More precisely, the asymptotic expansion of the series begins as
$$\frac{1}{1} - \frac{1}{2} +\cdots + \frac{1}{2n-1} - \frac{1}{2n} = H_{2n} - H_n = \ln 2 - \frac{1}{4n} + O(n^{-2}).$$
This results from the equality $H_n=2\sum_{k=1}^n \frac 1{2k}$ and the Euler–Maclaurin formula.

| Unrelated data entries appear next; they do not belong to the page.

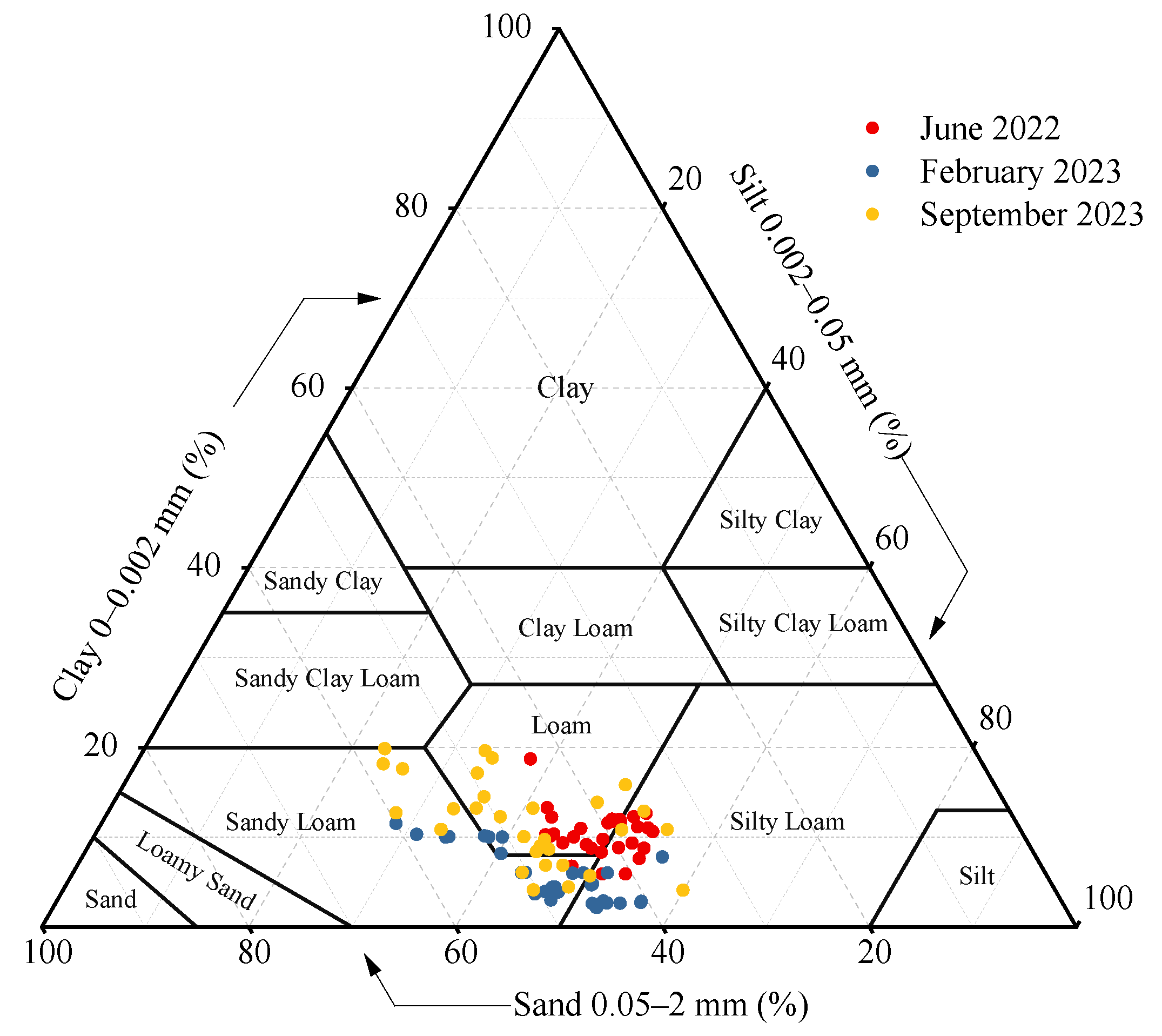 The BD and soil particle density (PD) were determined using the cutting ring method and pycnometer test method, respectively, and the total soil porosity (TP) was calculated according to the BD and PD [25,26] (Table S2). The soil texture was determined using a Mastersizer 2000 (Malvern Panalytical, Ltd., Malvern, UK) and classified as sand (0.05–2 mm), loam (0.002–0.05 mm), and clay (0–0.002 mm) according to United States Department of Agriculture (USDA) standards [27]. The textures of the selected soil samples were loam, sandy loam, and silty loam, as shown in Figure 2.
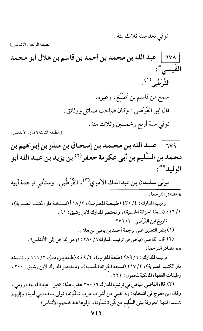 (¬3) قال القاضي عياض في ترتيب المدارك 6/ 280 عقب هذا: «قيل: عبد الله جده رومي، وقال ابن مفرج في انتخابه: إنه لخمي من أشراف عرب شذونة، تولى سلفه لبني أمية، وإليهم تنسب المدينة المعروفة ببني السّليم من كورة شذونة، نزلوها عند فتحهم الأندلس».
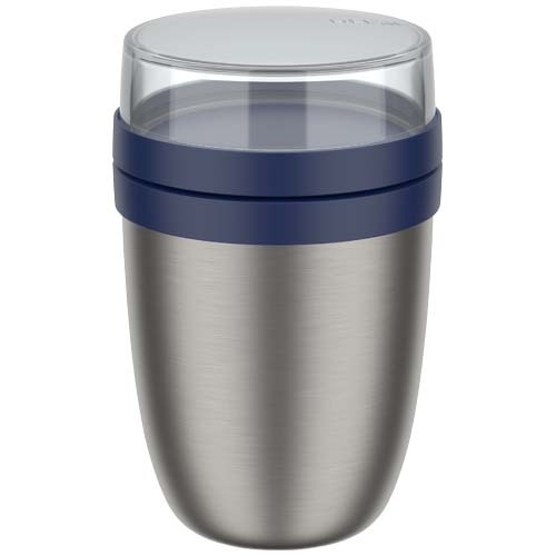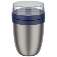 Герметичный пищевой контейнер с двумя раздельными отделениями, позволяющими хранить различные продукты отдельно друг от друга. Оба контейнера имеют отдельную крышку, чтобы ингредиенты не смешивались. Еда останется горячей в течение 6-8 часов и холодной в течение 12 часов. Объем верхнего прозрачного контейнера составляет 200 мл. Емкость нижнего контейнера составляет 500 мл. Изготовлен из прочного материала, внешняя часть контейнера остается холодной и сухой. Рекомендуется ручная мойка. Пластиковые части крышки можно мыть в посудомоечной машине.
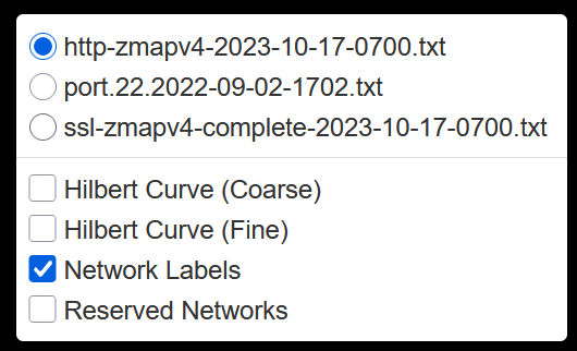 In this blog post I want to showcase a recent project of mine: I took IPv4 port scans gathered by Patrick Sattler et al. (Technische Universität München) and visualized it as a zoomable Hilbert map using Leaflet. Visualization of the Internet using the Hilbert curve is not a new approach, as it has been suggested and implemented by several people in the past. Nevertheless, all existing implementations that I looked at were lacking interactivity, especially the ability to zoom into subnets for closer inspection. That’s why I built https://hilbert.app.jonaslieb.de/!
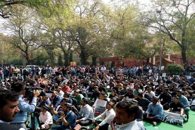 In the wake of the recent Punjab National Bank scam, the members of United Forum of Bank Unions (UFBU) staged a protest in Delhi today regarding demanding a tough action on all those involved, connected and responsible for over Rs 12000 crore scam. On March 9, UBFU had said it would organise a “massive” dharna in Delhi on March 21 in support of its demands. The demands include taking tough action on all those involved, connected and responsible for the PNB fraud. The Bank Unions Forum had called for the dharna in protest against the way fraud cases are being handled by Banks, RBI and Central Government tarnishing the image of all the bankers, victimisation of lower level Bank Staff. It has also demanded not to single out any lower level staff, not to exclude RBI’s role from the investigation, avoid harassment of employees and officers by mass transfers, thorough probe by Joint Parliamentary Committee and restore people’s confidence in the banking system.
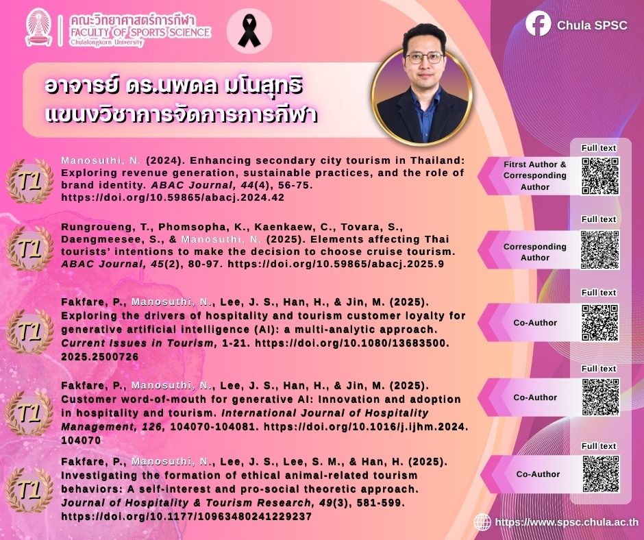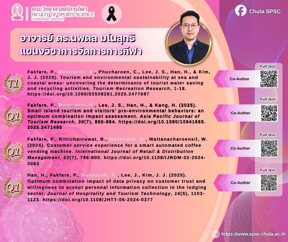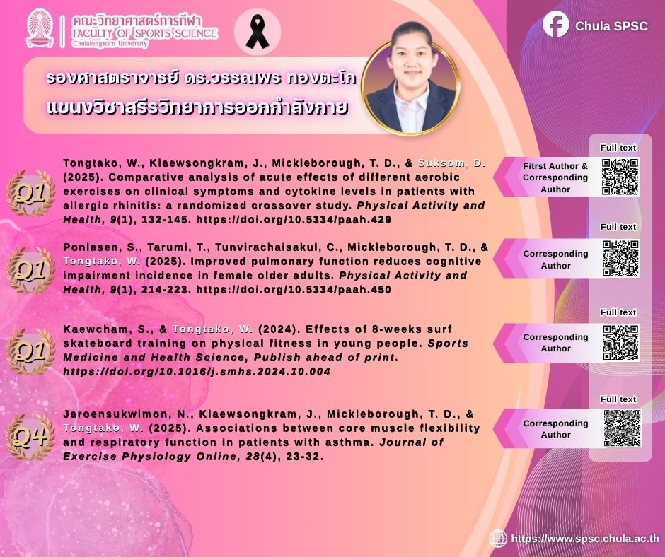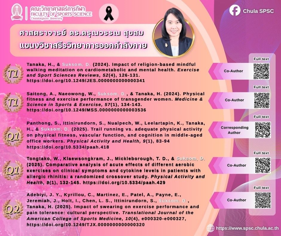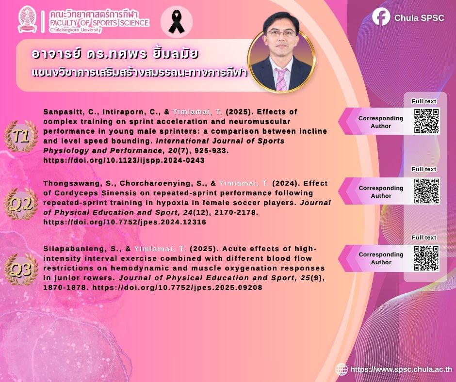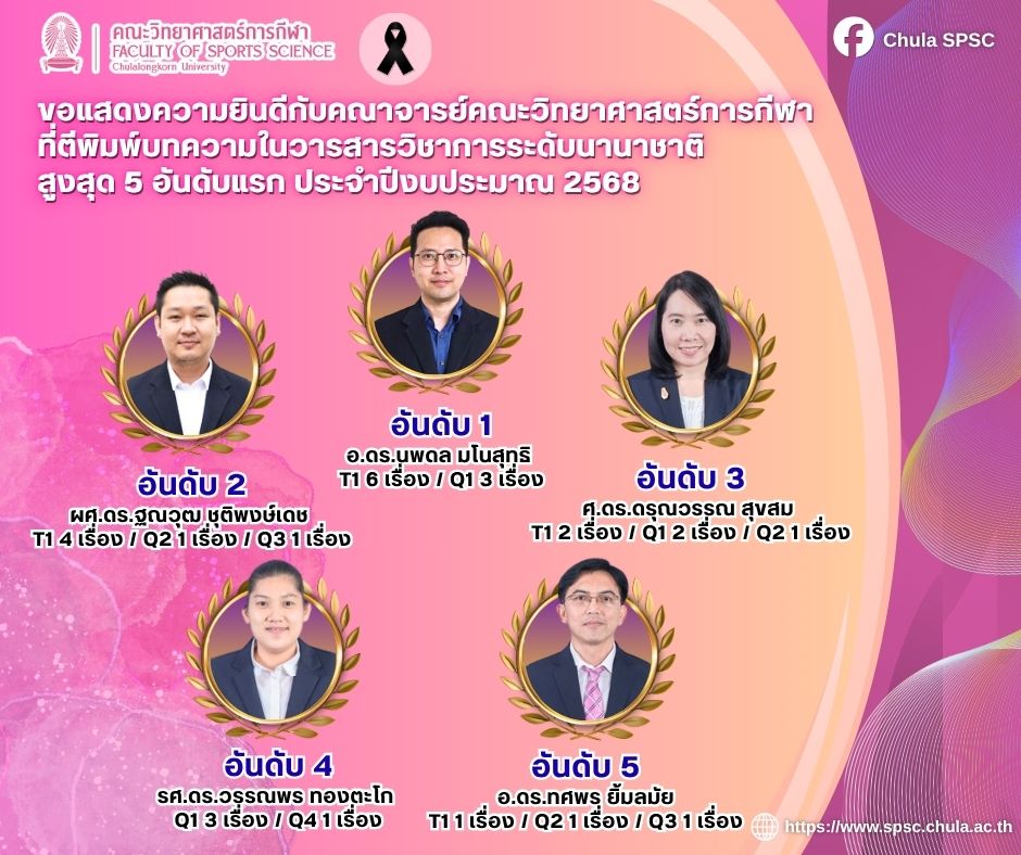 คณะวิทยาศาสตร์การกีฬา จุฬาลงกรณ์มหาวิทยาลัย ขอแสดงความยินดีกับคณาจารย์ที่ตีพิมพ์บทความในวารสารวิชาการระดับนานาชาติสูงที่สุด 5 อันดับแรก ประจำปีงบประมาณ 2568
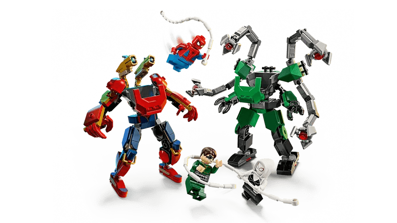 Ovaj komplet udvostručuje zabavu s dva impresivna robota. Spider-Manov robot dizajniran je u stilu Iron Spidera i ima ugrađena dva ispaljivača čepova (stud shooters) koji se aktiviraju pritiskom na gumb. Njegov protivnik je moćni robot Doc Ocka, opremljen s četiri potpuno pomična mehanička kraka koji mogu hvatati i napadati.

Using alternating signs with only odd unit fractions produces a related series, the Leibniz formula for π
$$\sum_{n = 0}^\infty \frac{(-1)^{n}}{2n+1} = 1 - \frac{1}{3} + \frac{1}{5} - \frac{1}{7} + \cdots = \frac{\pi}{4}.$$

===Riemann zeta function===

The Riemann zeta function is defined for real $x>1$ by the convergent series
$$\zeta(x)=\sum_{n=1}^{\infty}\frac{1}{n^x}=\frac1{1^x}+\frac1{2^x}+\frac1{3^x}+\cdots,$$
which for $x=1$ would be the harmonic series. It can be extended by analytic continuation to a holomorphic function on all complex numbers except $x=1$, where the extended function has a simple pole. Other important values of the zeta function include $\zeta(2)=\pi^2/6$, the solution to the Basel problem, Apéry's constant $\zeta(3)$, proved by Roger Apéry to be an irrational number, and the "critical line" of complex numbers with real part $\tfrac12$, conjectured by the Riemann hypothesis to be the only values other than negative integers where the function can be zero.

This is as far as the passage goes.